Serge Coosemans Chroniqueur

Serge Coosemans n’aime pas plus le hip-hop que l’huile de foie de morue, c’est comme ça. Il ne lui viendrait malgré tout jamais à l’esprit de lui nier sa place de mouvement culturel global, durable et de premier ordre. Qui peut donc s’étudier à l’université et s’inviter dans les musées. Le hic, c’est que ce n’est pas l’avis de tout le monde. Choux rouges, rap game et questions d’un autre âge, c’est le Crash Test S02E37.
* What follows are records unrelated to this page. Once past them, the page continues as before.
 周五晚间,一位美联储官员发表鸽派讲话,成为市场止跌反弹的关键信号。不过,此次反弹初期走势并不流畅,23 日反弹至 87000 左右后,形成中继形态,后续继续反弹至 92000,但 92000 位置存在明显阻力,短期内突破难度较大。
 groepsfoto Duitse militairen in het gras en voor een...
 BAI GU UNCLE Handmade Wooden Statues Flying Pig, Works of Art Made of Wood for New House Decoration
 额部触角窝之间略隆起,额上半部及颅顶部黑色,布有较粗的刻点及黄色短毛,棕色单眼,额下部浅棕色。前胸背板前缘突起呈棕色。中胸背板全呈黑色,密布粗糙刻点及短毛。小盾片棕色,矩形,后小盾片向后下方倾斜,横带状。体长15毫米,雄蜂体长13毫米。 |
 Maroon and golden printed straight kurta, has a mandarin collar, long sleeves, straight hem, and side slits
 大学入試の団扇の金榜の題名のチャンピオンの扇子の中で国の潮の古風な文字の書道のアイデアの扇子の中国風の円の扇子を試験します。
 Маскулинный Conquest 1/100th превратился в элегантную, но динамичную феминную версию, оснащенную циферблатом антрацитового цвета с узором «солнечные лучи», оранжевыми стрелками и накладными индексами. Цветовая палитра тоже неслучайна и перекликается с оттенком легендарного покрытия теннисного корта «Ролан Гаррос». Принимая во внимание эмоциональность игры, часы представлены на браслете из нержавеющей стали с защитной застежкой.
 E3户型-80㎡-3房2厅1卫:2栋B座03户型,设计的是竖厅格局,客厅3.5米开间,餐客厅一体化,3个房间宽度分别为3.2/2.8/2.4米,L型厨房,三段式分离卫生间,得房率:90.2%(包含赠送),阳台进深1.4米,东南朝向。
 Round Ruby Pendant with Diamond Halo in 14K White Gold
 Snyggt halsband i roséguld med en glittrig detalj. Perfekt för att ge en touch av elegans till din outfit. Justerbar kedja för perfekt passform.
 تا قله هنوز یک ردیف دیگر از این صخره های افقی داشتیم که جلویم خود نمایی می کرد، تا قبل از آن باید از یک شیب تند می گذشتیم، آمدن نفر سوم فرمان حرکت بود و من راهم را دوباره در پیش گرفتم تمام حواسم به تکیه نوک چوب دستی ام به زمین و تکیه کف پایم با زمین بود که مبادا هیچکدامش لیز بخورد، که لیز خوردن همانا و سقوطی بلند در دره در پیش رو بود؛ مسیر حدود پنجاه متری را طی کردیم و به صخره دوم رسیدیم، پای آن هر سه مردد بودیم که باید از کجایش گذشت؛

Quand je dis que je n’aime pas le rap, tout un tas de gens essaye toujours de me persuader que j’ai tort et tout un tas d’autres que je suis devenu très ringard. C’est étonnant, je trouve. Ne pas aimer le rap passe systématiquement pour raciste, obtus, réac, en tous les cas suspect, alors que se foutre du métal, conchier le zouk, clamer que « le disco, c’est pédé », détester « la musique boumboum des didjizzes » ou encore le reggae « parce que c’est toujours la même chose » reste socialement davantage accepté. Ne parlons même pas de chanson française, c’est presque un devoir moral de la détester. Je ne suis pas Éric Zemmour, pourtant. Lui n’aime pas le rap parce qu’il considère que c’est de la musique dégénérée faite par des dégénérés pour des dégénérés (kikou, Goebbels). Moi, je n’aime pas le rap comme je n’aime pas les brocolis, le foie de veau, l’huile de foie de morue, les choux rouges, le nasi goreng ou tiens, justement, le métal. Je n’aime pas Donald Trump, Theresa May, la NVA et le FN pour des raisons précises. Je peux l’expliquer. Par contre, je n’aime pas le foie de veau, le rap et le métal parce que c’est comme ça et puis c’est tout. Ça ne fait pas de moi un hater, un cas social, un nazi. Je ne vois même pas pourquoi je devrais me justifier. Ce n’est rien de plus qu’une question de goût. De plus, j’ai beau me foutre pour ainsi dire complètement du hip-hop, à une vingtaine d’albums près, il ne me viendrait malgré tout jamais à l’esprit de lui nier sa place de mouvement culturel global, durable et de premier ordre. Qui peut donc s’étudier à l’université et s’inviter dans les musées. D’où un certain étonnement de ma part quand suite à un article d’Elisabeth Debourse dans un récent Paris Match sur l’expo Yo à Bozar, certains habitués des réseaux sociaux se sont mis à très sérieusement polémiquer autour d’une question posée dans le papier qui me semble pourtant vraiment issue d’un autre âge, à savoir: « Les cultures urbaines sont-elles faites pour être affichées en galerie? »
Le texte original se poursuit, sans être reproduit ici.